Figure 1: An Imaris surface-rendered image of GFP-labeled microglia (green) surrounded by nuclei of other cells in the mouse hippocampus (blue).
When the brain is injured, specialized phagocytic microglial cells engulf and remove cellular debris. However, the role of these cells in uninjured brains is not clear. Researchers led by Dr. Cornelius Gross from the European Molecular Biology Laboratory (EMBL) in Italy studied microglia in uninjured developing mouse brains to find out if these cells help monitor and maintain synapses.
“Studies on microglial function so far were mainly performed in pathological conditions. The idea that microglia can also exert an active role in the intact developing brain is a relatively new concept,” said Dr. Rosa Paolicelli, who was part of the research team. A better understanding of microglia-mediated synaptic pruning might reveal more about how the brain and immune system interact and how neuronal connections form in the brain.
With confocal, simulated emission depletion (STED), and electron microscopy the researchers observed microglia in developing mouse brains. They used GFP to label microglial processes and immunohistochemistry was used to mark the presence of PSD95, a protein found at the post-synaptic density of dendritic spines. The confocal images showed that some PSD95 puncta colocalized with GFP. This observation was confirmed with STED microscopy, which resolved PSD95 puncta as small as ~ 80 nm.
Figure 2: Surface rendering of GFP presence located exclusively in the microglia in the hippocampal CA1 section
The researchers acquired serial optical sections (0.4 μm Z-step size) of hippocampal stratum radiatum with confocal microscopy and then used Imaris software to create 3-D reconstructions. The reconstructions showed that, in some cases, the PSD95 puncta that colocalized with GFP were surrounded by GFP-labeled microglial cytoplasm. Dr. Paolicelli said that the 3-D reconstruction of microglial cell processes containing synaptic material helped support their idea that the microglia engulfed dendritic spines and provided information that was complementary to the 2-D colocalization analysis.
Figure 3: The terminal processes of microglia (green) contain synaptic material (red), showing in this surface-rendered image that the microglia engulfed the synapses. The red particles are positive for PSD95, a protein located at the post-synaptic density of dendritic spines.
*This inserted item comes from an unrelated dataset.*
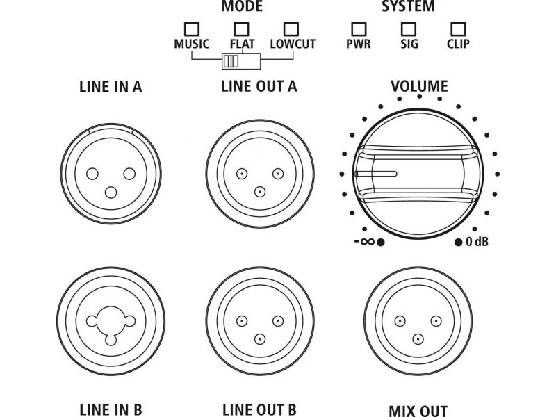 | Vstupy | 1 x comb. XLR/6.3 mm: line 1 x XLR: line |

Collectively, the microscopy images taken with the three techniques showed that microglia engulf and eliminate synapses during development. The researchers also found that the developing brains of mice without CX3CR1 gene encoding a chemokine receptor expressed by microglia in the brain – had less microglia and delayed synaptic pruning, which resulted in extra dendritic spines and immature synapses. In other words, microglia are critical for setting up the right connectivity in the brain. “These findings shed light on a new important role for microglia in synaptic pruning, refining neural connections and circuit maturation,” Dr. Paolicelli said.
The researchers say that genetic variation in expression of CX3CR1 together with environmental pathogens that impact microglia function might lead to an increased susceptibility to developmental disorders such as autism that are associated with alterations in the number of synapses in the brain. The researchers plan to investigate microglia in the healthy adult brain, where their role is essentially unknown.